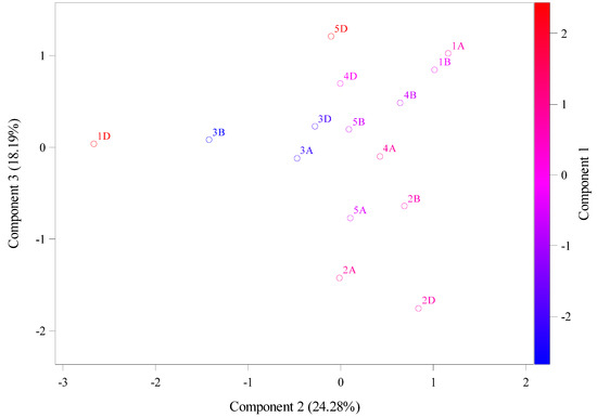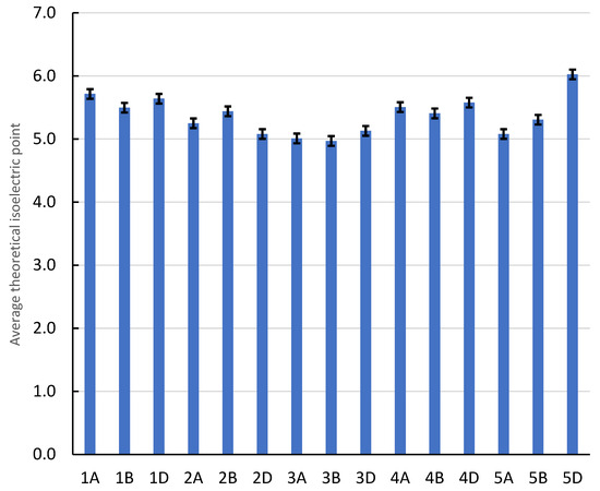 Table 1 shows the result values of molecular weight (g/mol), theoretical isoelectric point, instability index, aliphatic index, and hydrophobicity. Theoretical isoelectric point (PI) is the pH that ranged from 4.81 to 6.6 in chromosomes 3A and 4D, respectively (average 5.37 ± 0.297 Figure 3). However, the instability index showed that these two chromosomes (3A and 4D) were at 34.3 and 38.16, respectively. In addition, these two chromosomes (3A, 4D) had aliphatic index values of 88.69 and 89.59, indicating an increase in their stability, and their hydrophobicity values were lower, at 0.04 and −0.04, respectively. This high instability was found in 1D and 5D, with values of 54.16 and 50.36, respectively, indicating a decrease in their stability as shown by aliphatic index values of 92.98 and 88.91. Figure 4 shows data from the principal component analysis (PCA) for amino acid patterns. From this figure, amino acids that explained the main variation are shown to be assigned to first principal component (PC1) analysis, with a total variation of about 58.88%, and these chromosomes are 5D, 4D, 1A, 4B, 3D, etc. The second principal component (PC2) and third principal component (PC3) analyses had total variations of 27.52% and 13.6%, respectively, assigned to 1D, 3B, 3A, 2D, 2A, and 2B.
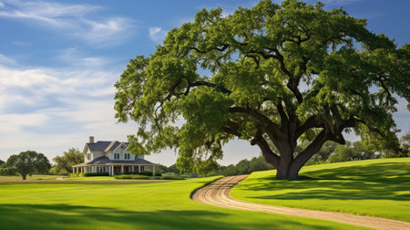 Beautiful oak trees on green field under blue sky with white clouds
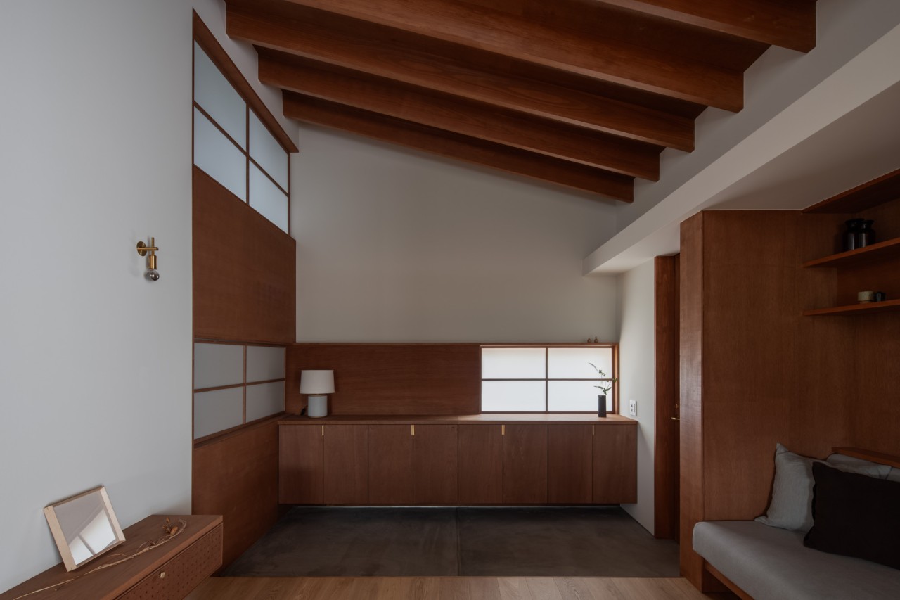 建物は緩い片流れ屋根を持つ1.5階建てのようなプロポーション。
---------------
Starting at the line with "Beautiful oak trees", transcribe the listing above exactly through its last line. No picture belongs in the transcription.

 Beautiful oak trees on green field under blue sky with white clouds
 建物は緩い片流れ屋根を持つ1.5階建てのようなプロポーション。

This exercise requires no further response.